O Globo
O telefone tocava sem parar no escritório do
arcebispo de Buenos Aires, mas não havia ninguém para atender. Era 11 de
fevereiro de 2013, e Jorge Mario Bergoglio havia saído cedo para visitar a
emissora de TV da Igreja. De volta ao gabinete, o cardeal foi alcançado por um
jornalista que ligava de Roma. Ao ouvir as primeiras palavras, arregalou os
olhos.
“Fiquei alguns segundos paralisado, quase não
acreditava no que meu interlocutor dizia ao telefone. Era uma notícia que eu
nunca teria imaginado ouvir na minha vida”, lembrou, tempos depois.
Bento XVI havia renunciado, e era preciso marcar um conclave para escolher o novo Papa. Pela primeira vez em 600 anos, a Igreja viveria uma sucessão sem funeral.
“Queria permanecer no Vaticano apenas o tempo
necessário. Meu foco eram as celebrações de Páscoa na Argentina”, disse
Bergoglio, em depoimento ao jornalista Fabio Marchese Regina que deu origem ao
livro “Vida: a minha história através da História”.

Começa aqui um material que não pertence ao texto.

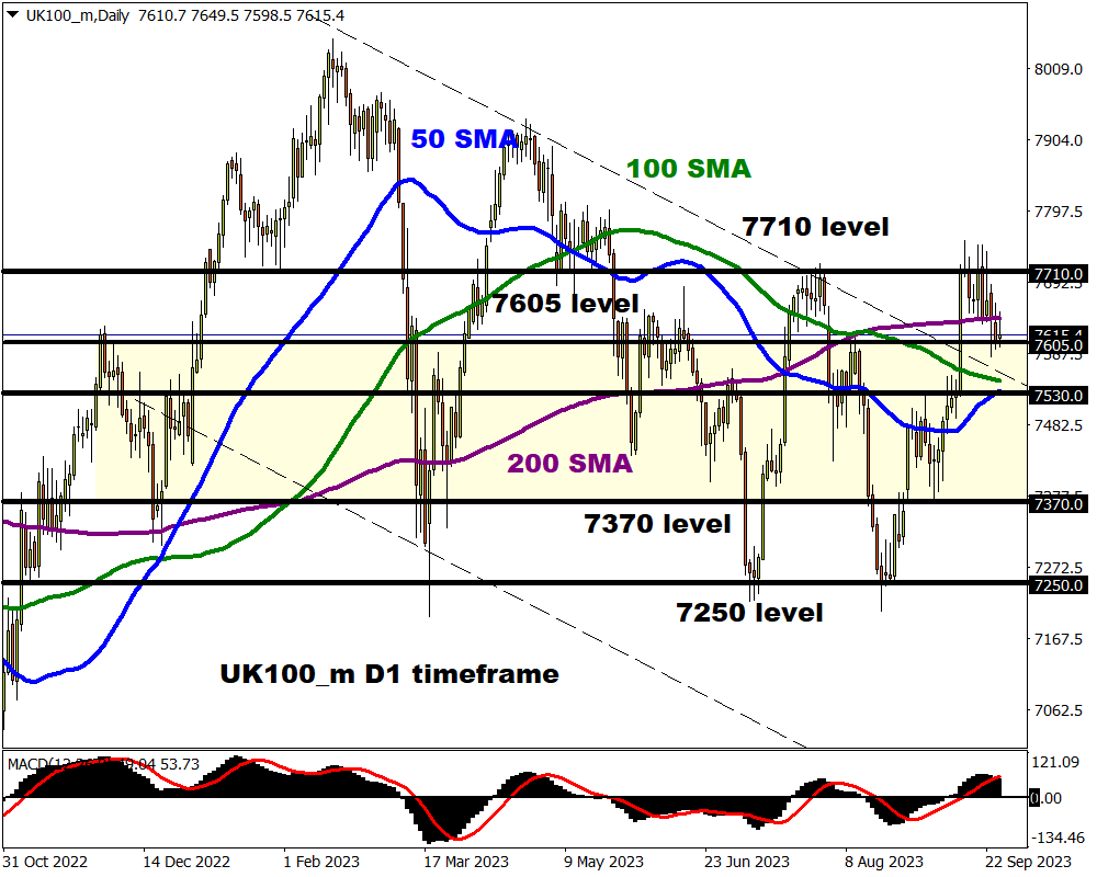 Resistance can be found at 7710 and support at 7250. Despite the choppiness, prices could be gearing up to decline given the recent break below the 200-day SMA. A strong daily close under 7605 may spark a selloff towards 7530 – where the 50-day SMA resides. If bulls can fight back, a bounce towards 7710 could be on the cards.
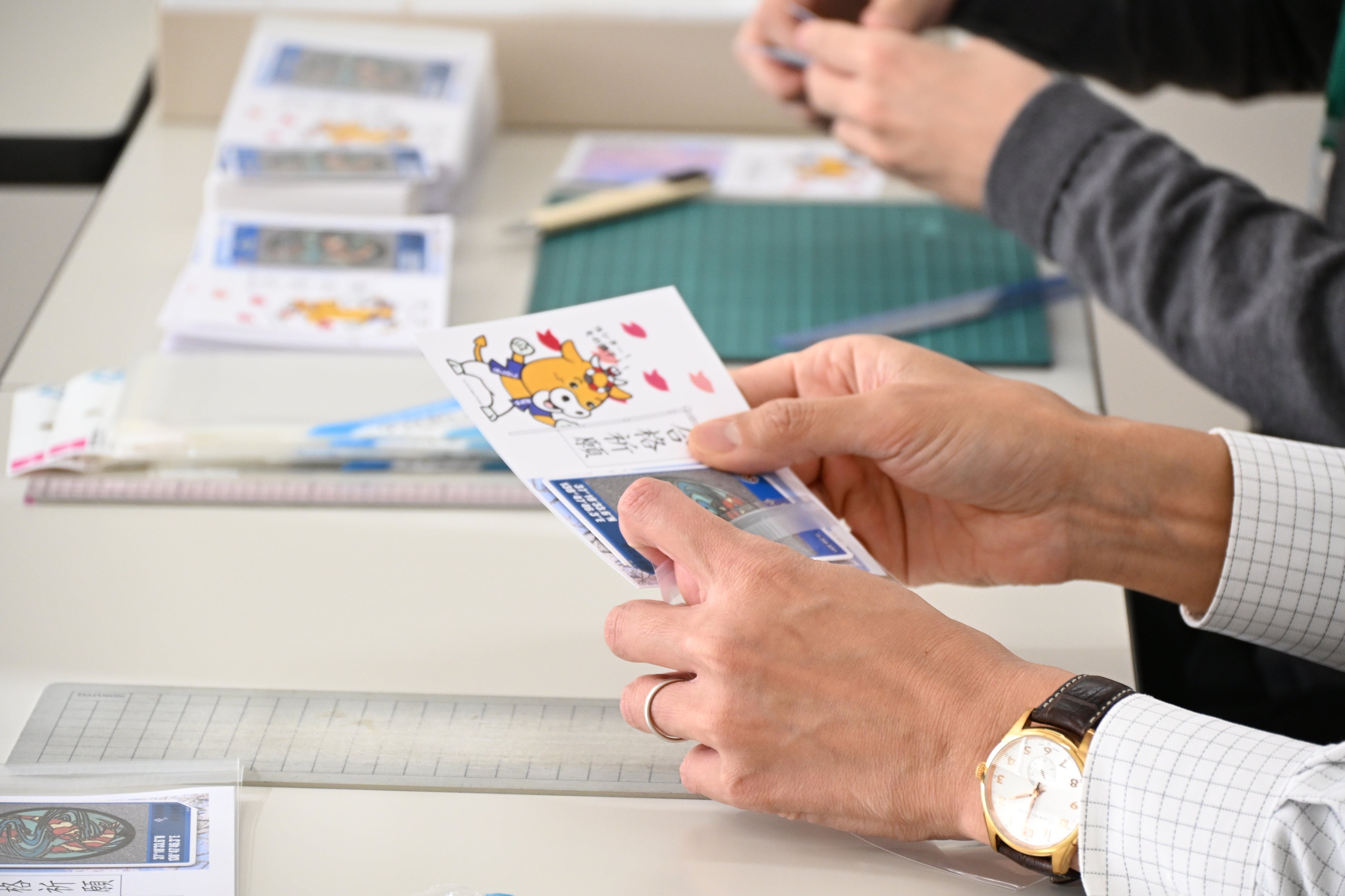職員がカードのセットを作成している様子

Antes de embarcar para Roma, o cardeal voltou
à emissora religiosa, onde costumava pegar DVDs emprestados. Separou a comédia
“Habemus Papam”, do italiano Nanni Moretti, para assistir no retorno a Buenos
Aires. “Mas as coisas acabaram não saindo como o planejado”, gracejou.
Fora das listas de favoritos, Bergoglio
escapou do assédio da imprensa no período agitado que precede os conclaves. Em
9 de março, a três dias do início da eleição, chegou sua vez de falar na
reunião dos cardeais.
“Quando a Igreja não sai de si mesma para
evangelizar, torna-se autorreferencial e adoece”, advertiu. Em meio a uma onda
de escândalos que abalava o catolicismo, ele sustentou que o próximo Papa
precisava fazer “mudanças” e tocar as “reformas possíveis”.

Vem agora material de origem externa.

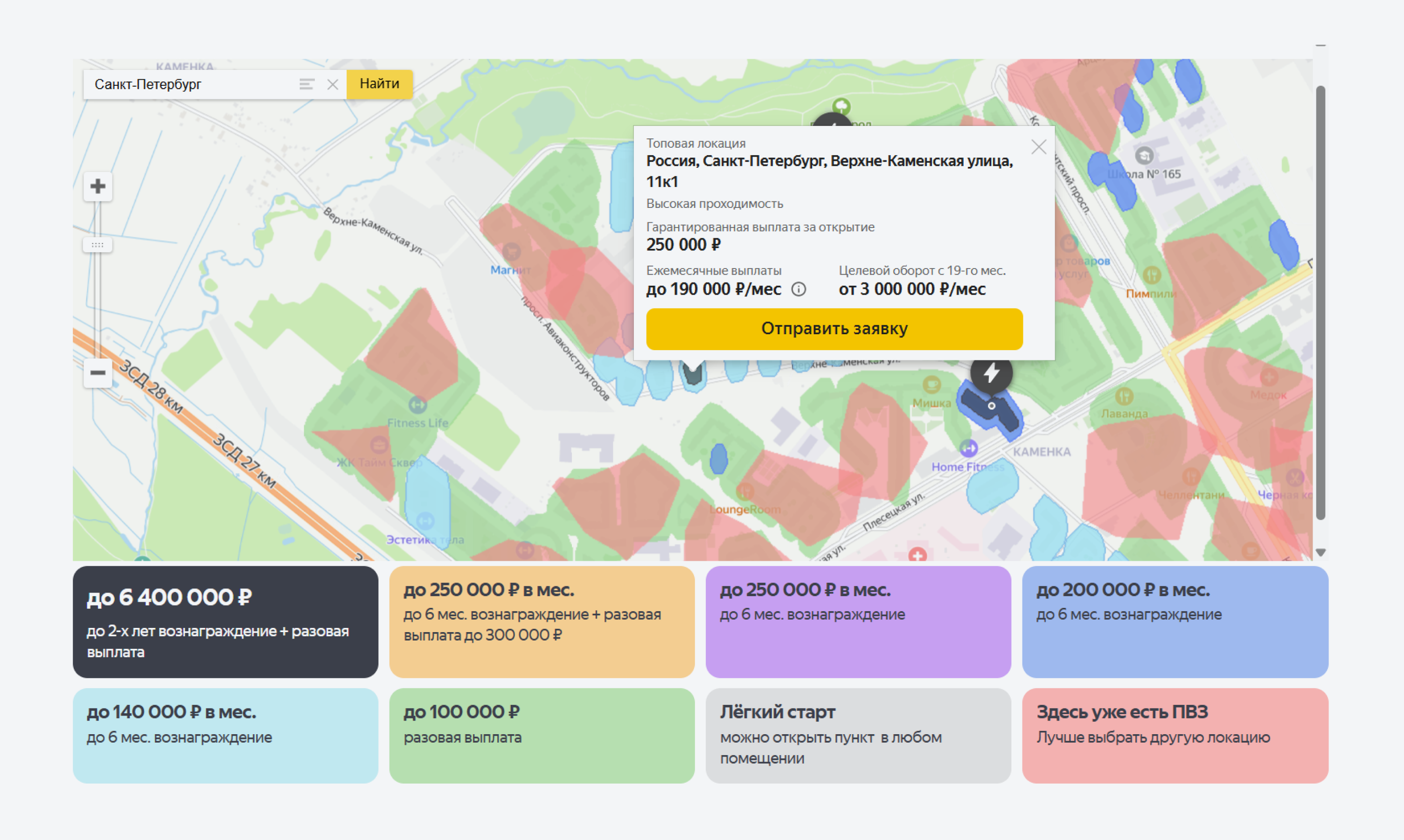 Правильный выбор места — основа успеха вашего будущего бизнеса. Чтобы помочь партнерам, Яндекс Маркет разработал специальную карту с рекомендованными локациями. На ней цветом отмечены зоны, где пункты выдачи особенно нужны.
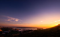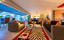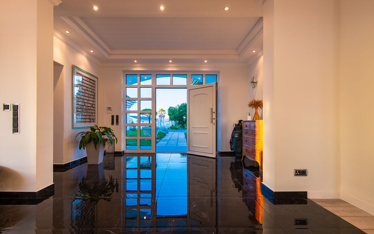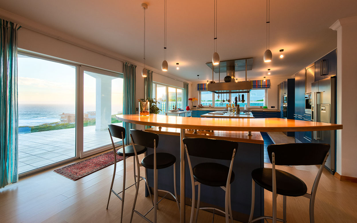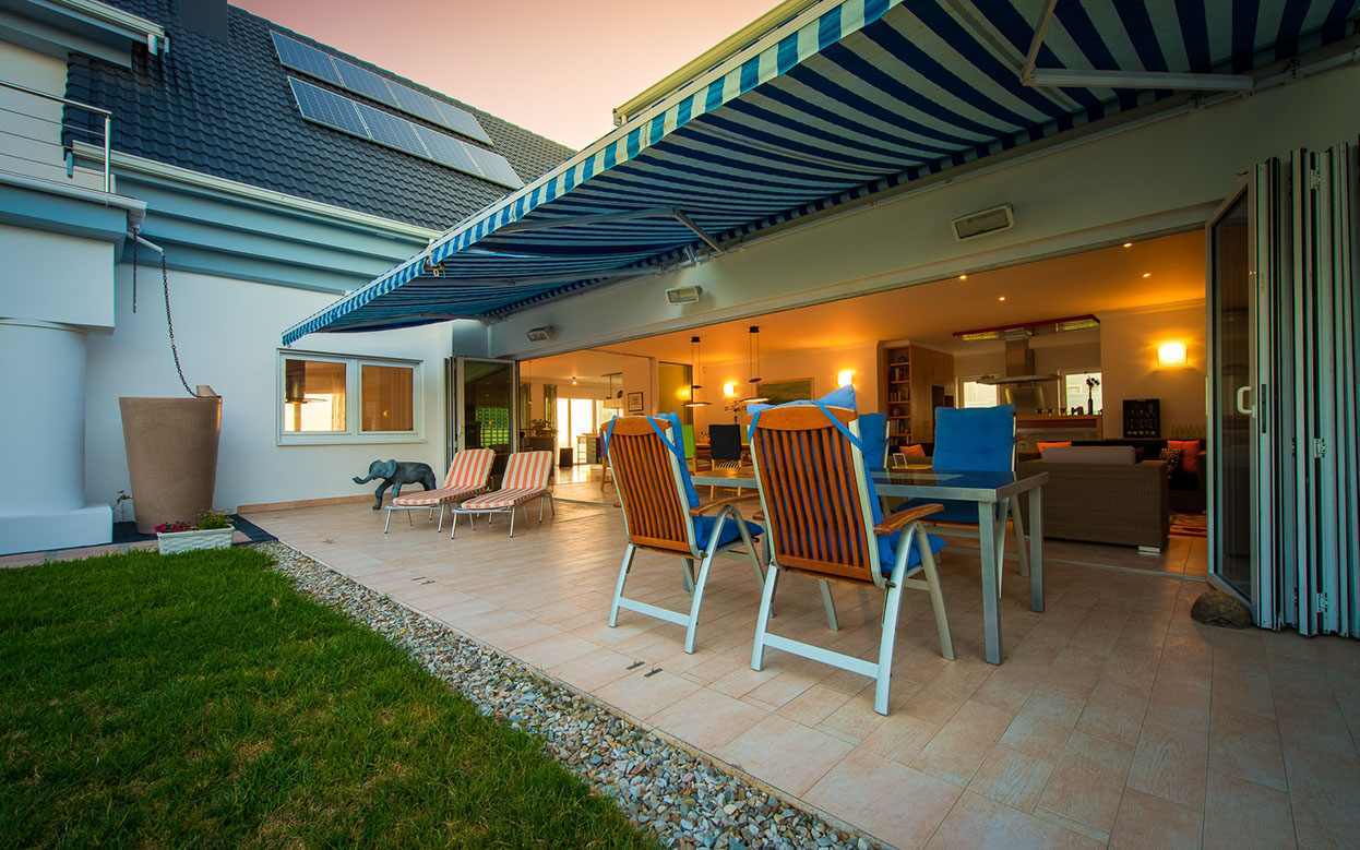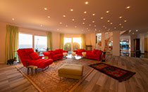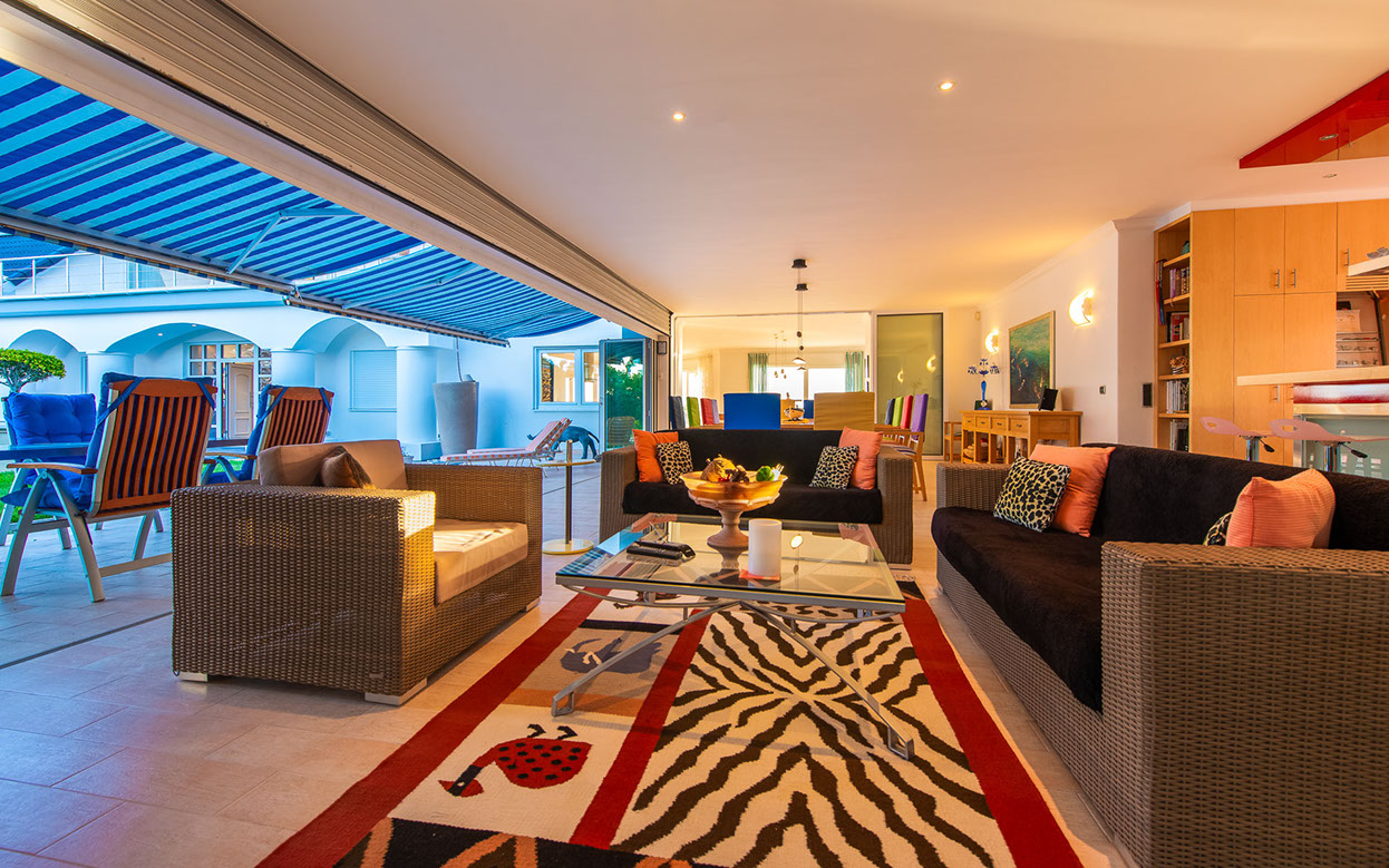 Entertainment area with a built-in Samsung TV and indoor roller shutters spanning a panoramic 9,8 m.

“Aquele discurso foi minha condenação! Menos
de três minutos que mudaram minha vida”, brincaria o argentino, anos depois.
“Houve aplausos, e mais tarde disseram que, a partir daquele momento, meu nome
começou a circular”, contou.
O cardeal disse não ter percebido nada até o
último dia de votação na Capela Sistina. “Meu foco estava nas homilias deixadas
inacabadas em Buenos Aires, e eu não via a hora de voltar para casa”, garantiu.
Na tarde de 13 de março, Bergoglio começou a
notar o perigo. O arcebispo de Havana pediu cópia de seu discurso no
pré-conclave. Ele explicou que só tinha o manuscrito original para dar. “Ah,
que maravilha! Levo para casa uma lembrança do novo Papa!”, festejou o cubano.
Ao pegar o elevador, o argentino foi
interpelado pelo arcebispo emérito de Santiago, que perguntou se o discurso
estava pronto. “Que discurso?”, reagiu. “O de hoje, que você fará quando surgir
do balcão central da basílica”, respondeu o chileno.
A ficha caiu de vez quando um cardeal
espanhol quis saber se era verdade que ele só tinha um pulmão. Surpreso com o
questionamento, Bergoglio explicou que tinha perdido apenas um lobo do pulmão
direito. Ali ele entendeu que havia virado alvo da boataria que ronda os
favoritos a cada conclave. “Foi o momento preciso em que me dei conta de que os
cardeais estavam pensando em mim como sucessor de Bento XVI”, disse o futuro
Papa Francisco.
Notícias do Vaticano
O jornalista Clóvis Rossi dizia que não há eleição mais difícil de cobrir que a de Papa. “Os cardeais-eleitores parecem sinceramente convencidos de que há um só cabo eleitoral que tudo decide. Chama-se Espírito Santo”, resumiu certa vez. Nos próximos dias, dou uma pausa na coluna para trazer notícias do conclave.